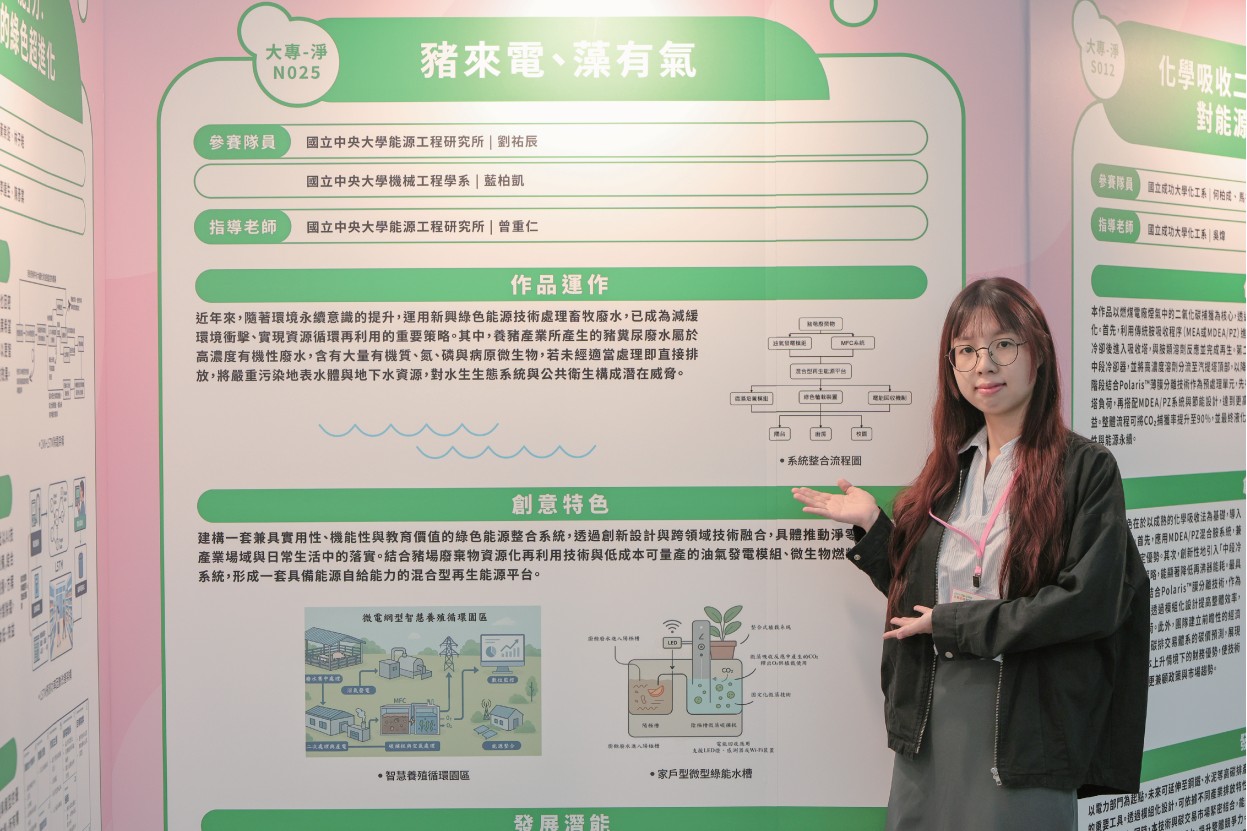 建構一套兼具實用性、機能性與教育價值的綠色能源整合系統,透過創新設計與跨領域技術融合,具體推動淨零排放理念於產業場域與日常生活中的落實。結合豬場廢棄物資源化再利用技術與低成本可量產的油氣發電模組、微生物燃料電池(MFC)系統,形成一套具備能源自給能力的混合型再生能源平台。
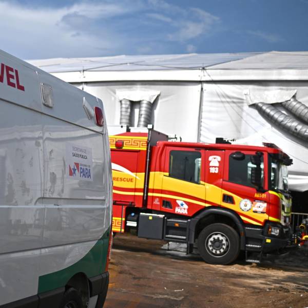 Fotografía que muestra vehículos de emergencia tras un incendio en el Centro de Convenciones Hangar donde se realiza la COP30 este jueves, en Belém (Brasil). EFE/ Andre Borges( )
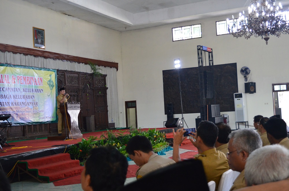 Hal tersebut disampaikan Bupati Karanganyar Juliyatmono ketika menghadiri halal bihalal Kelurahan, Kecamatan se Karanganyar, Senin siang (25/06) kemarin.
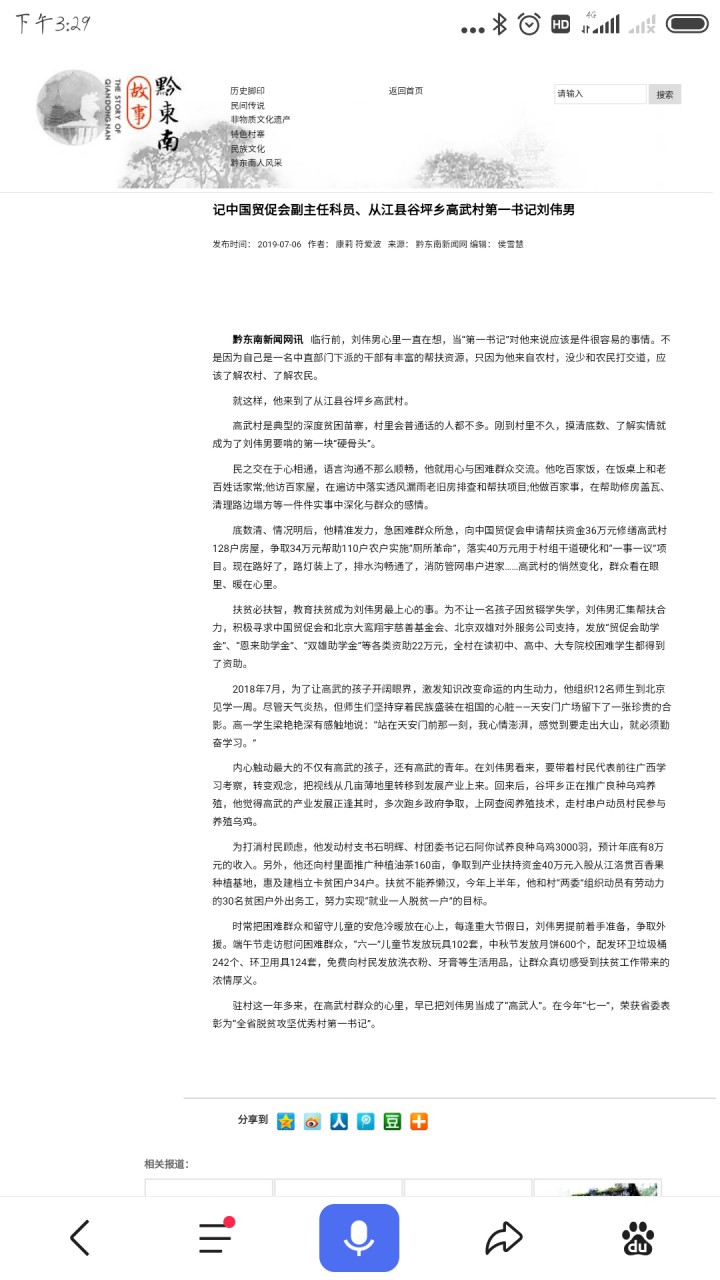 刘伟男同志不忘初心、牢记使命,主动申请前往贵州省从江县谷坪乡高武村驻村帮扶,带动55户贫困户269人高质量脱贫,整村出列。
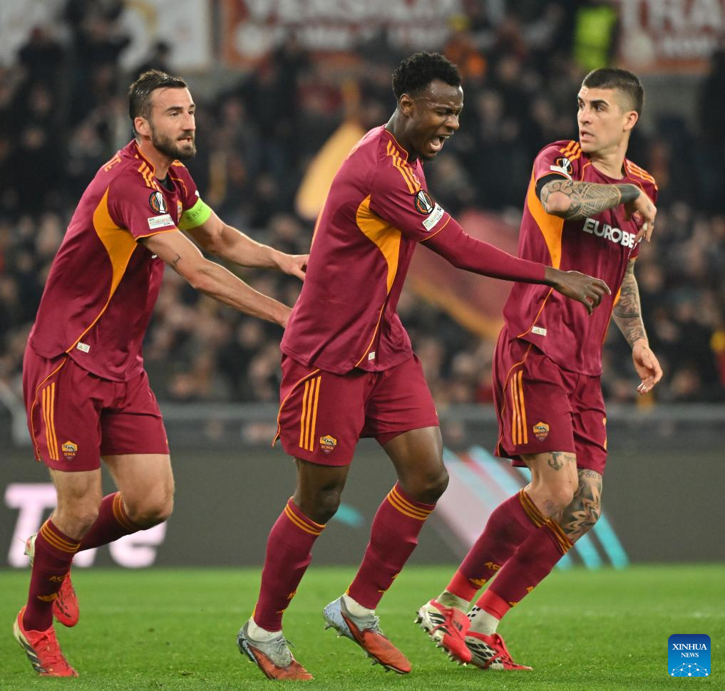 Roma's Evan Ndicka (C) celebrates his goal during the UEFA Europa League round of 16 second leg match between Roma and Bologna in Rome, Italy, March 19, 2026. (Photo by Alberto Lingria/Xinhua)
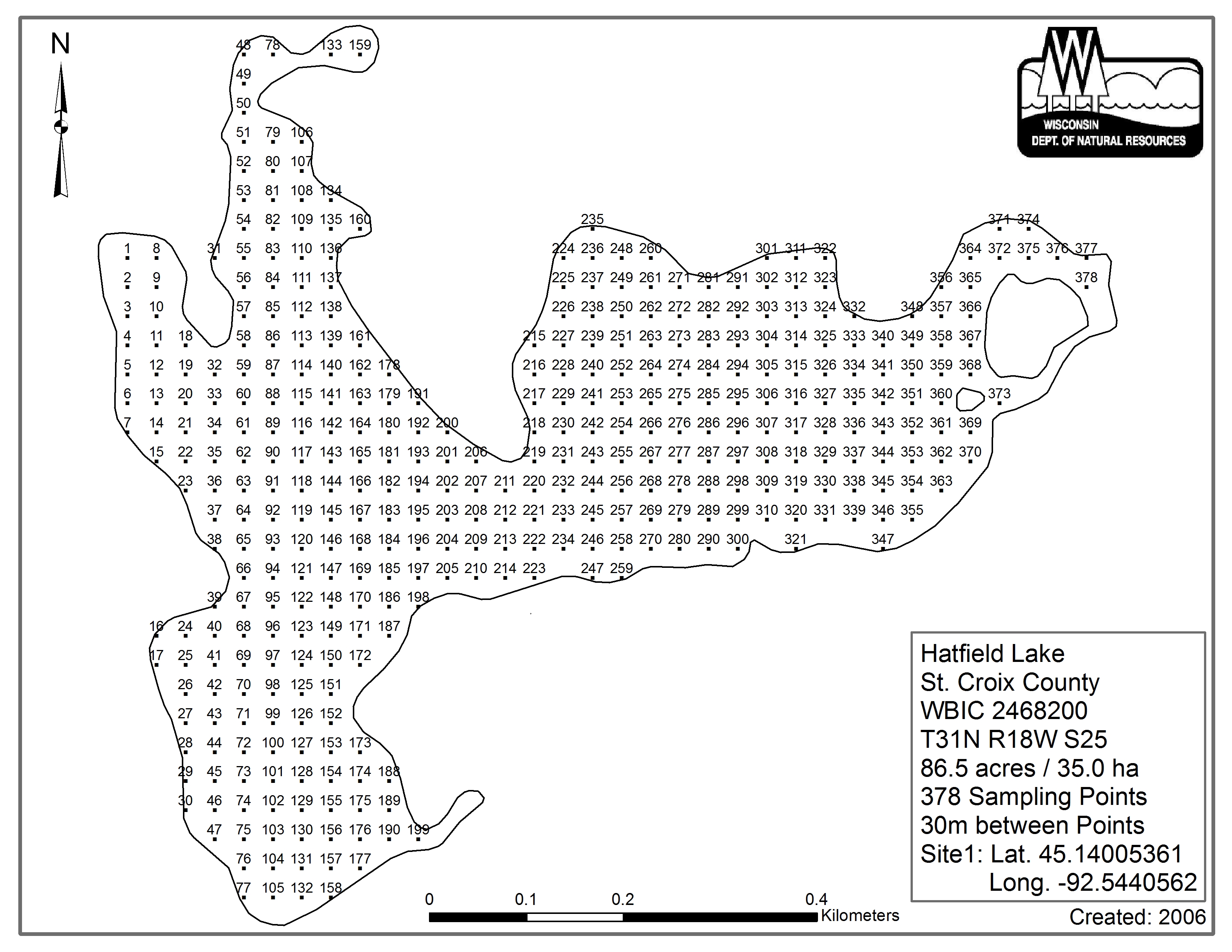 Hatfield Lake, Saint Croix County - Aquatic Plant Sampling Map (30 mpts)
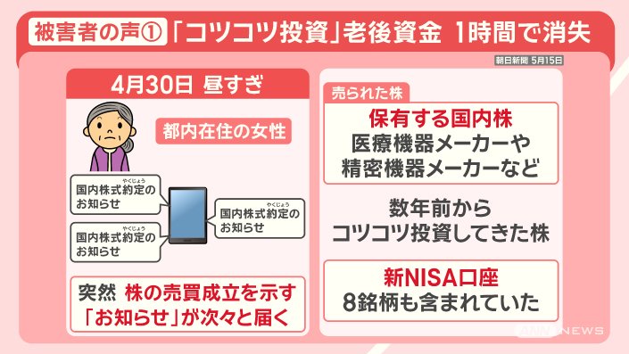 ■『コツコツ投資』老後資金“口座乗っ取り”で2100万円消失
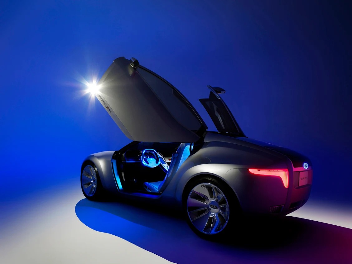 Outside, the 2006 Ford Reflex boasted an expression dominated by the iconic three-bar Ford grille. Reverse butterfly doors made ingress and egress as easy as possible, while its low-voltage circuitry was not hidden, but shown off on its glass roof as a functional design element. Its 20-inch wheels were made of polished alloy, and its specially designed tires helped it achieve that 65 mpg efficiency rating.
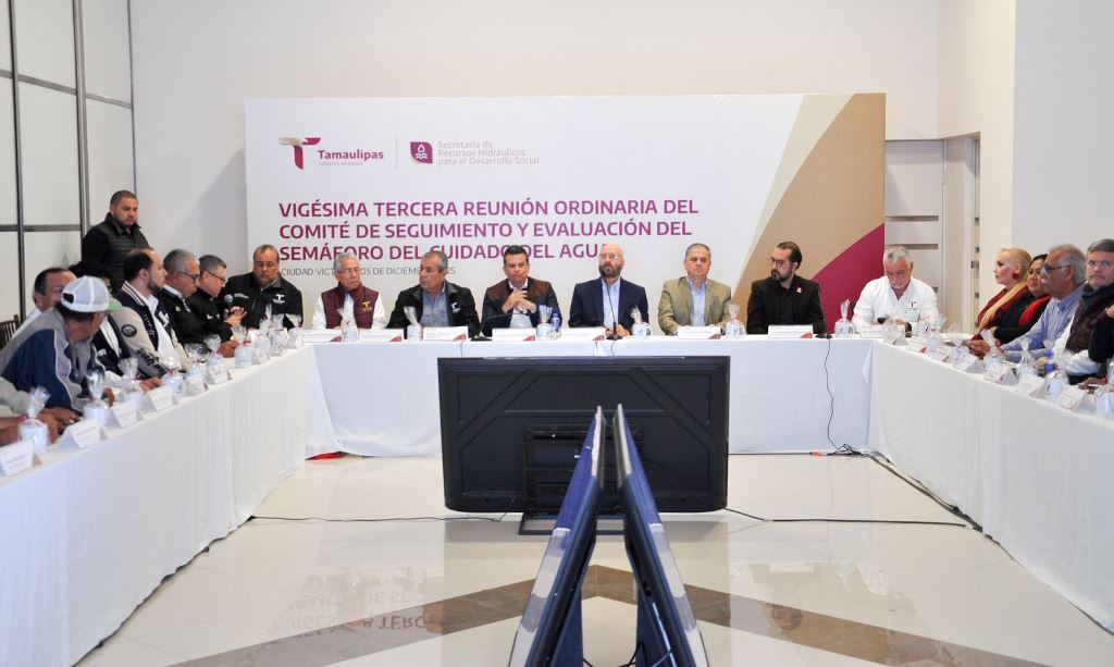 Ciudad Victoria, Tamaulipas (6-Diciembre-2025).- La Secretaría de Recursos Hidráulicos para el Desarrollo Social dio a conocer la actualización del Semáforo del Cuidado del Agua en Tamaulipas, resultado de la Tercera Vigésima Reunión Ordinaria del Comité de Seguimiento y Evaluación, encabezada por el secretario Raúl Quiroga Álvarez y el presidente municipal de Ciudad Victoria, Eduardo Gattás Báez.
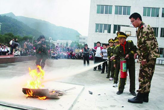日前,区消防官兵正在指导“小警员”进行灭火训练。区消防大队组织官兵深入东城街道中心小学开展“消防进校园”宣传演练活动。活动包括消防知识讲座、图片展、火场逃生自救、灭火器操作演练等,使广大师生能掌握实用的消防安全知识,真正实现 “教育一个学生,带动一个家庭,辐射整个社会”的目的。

* * *

Brief:
Skipping the pictures, print the lines in the listing above exactly as written, starting at the line with "Hatfield Lake, Saint" and ending at the line with "Outside, the 2006", both included.

Result of this task:
 Hatfield Lake, Saint Croix County - Aquatic Plant Sampling Map (30 mpts)
 ■『コツコツ投資』老後資金“口座乗っ取り”で2100万円消失
 Outside, the 2006 Ford Reflex boasted an expression dominated by the iconic three-bar Ford grille. Reverse butterfly doors made ingress and egress as easy as possible, while its low-voltage circuitry was not hidden, but shown off on its glass roof as a functional design element. Its 20-inch wheels were made of polished alloy, and its specially designed tires helped it achieve that 65 mpg efficiency rating.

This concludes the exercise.